SOURCE MATERIAL >>

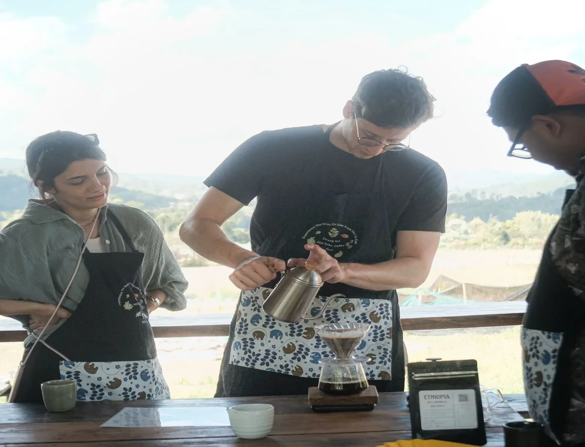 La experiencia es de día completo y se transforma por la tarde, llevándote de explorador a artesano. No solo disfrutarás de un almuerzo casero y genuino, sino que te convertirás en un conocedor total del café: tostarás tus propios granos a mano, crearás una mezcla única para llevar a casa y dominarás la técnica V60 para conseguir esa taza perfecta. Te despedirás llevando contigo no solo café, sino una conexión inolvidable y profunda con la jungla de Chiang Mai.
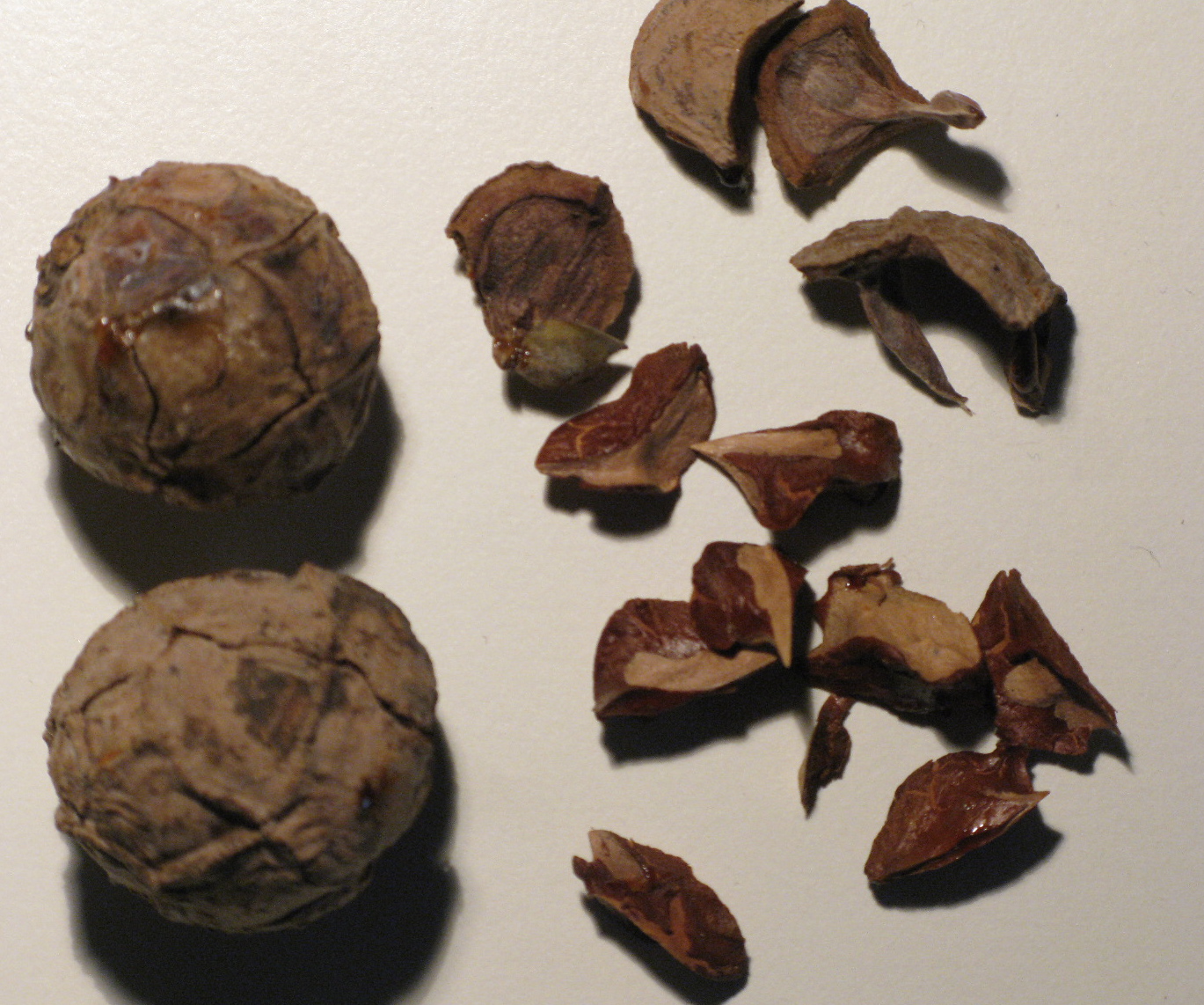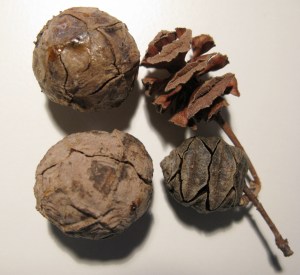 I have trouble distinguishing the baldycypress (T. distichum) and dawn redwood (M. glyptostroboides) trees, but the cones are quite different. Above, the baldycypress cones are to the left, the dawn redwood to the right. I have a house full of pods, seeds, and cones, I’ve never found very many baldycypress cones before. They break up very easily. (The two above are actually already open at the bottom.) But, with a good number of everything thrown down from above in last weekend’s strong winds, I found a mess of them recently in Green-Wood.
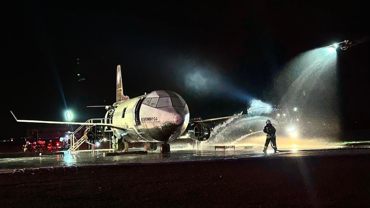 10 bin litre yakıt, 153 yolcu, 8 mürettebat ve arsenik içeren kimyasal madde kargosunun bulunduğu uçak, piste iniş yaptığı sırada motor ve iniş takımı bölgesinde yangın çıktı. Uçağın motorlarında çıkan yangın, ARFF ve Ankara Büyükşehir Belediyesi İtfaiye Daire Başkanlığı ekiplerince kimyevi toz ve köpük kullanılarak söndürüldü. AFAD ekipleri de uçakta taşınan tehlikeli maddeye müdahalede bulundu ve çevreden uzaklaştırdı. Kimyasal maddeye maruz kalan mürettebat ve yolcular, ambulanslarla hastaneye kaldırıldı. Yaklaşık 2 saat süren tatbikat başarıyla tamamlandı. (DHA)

TASK REQUIREMENTS >>
The whole listing, pictures excluded, should be output exactly.

WRITTEN SOLUTION >>
 La experiencia es de día completo y se transforma por la tarde, llevándote de explorador a artesano. No solo disfrutarás de un almuerzo casero y genuino, sino que te convertirás en un conocedor total del café: tostarás tus propios granos a mano, crearás una mezcla única para llevar a casa y dominarás la técnica V60 para conseguir esa taza perfecta. Te despedirás llevando contigo no solo café, sino una conexión inolvidable y profunda con la jungla de Chiang Mai.
 I have trouble distinguishing the baldycypress (T. distichum) and dawn redwood (M. glyptostroboides) trees, but the cones are quite different. Above, the baldycypress cones are to the left, the dawn redwood to the right. I have a house full of pods, seeds, and cones, I’ve never found very many baldycypress cones before. They break up very easily. (The two above are actually already open at the bottom.) But, with a good number of everything thrown down from above in last weekend’s strong winds, I found a mess of them recently in Green-Wood.
 10 bin litre yakıt, 153 yolcu, 8 mürettebat ve arsenik içeren kimyasal madde kargosunun bulunduğu uçak, piste iniş yaptığı sırada motor ve iniş takımı bölgesinde yangın çıktı. Uçağın motorlarında çıkan yangın, ARFF ve Ankara Büyükşehir Belediyesi İtfaiye Daire Başkanlığı ekiplerince kimyevi toz ve köpük kullanılarak söndürüldü. AFAD ekipleri de uçakta taşınan tehlikeli maddeye müdahalede bulundu ve çevreden uzaklaştırdı. Kimyasal maddeye maruz kalan mürettebat ve yolcular, ambulanslarla hastaneye kaldırıldı. Yaklaşık 2 saat süren tatbikat başarıyla tamamlandı. (DHA)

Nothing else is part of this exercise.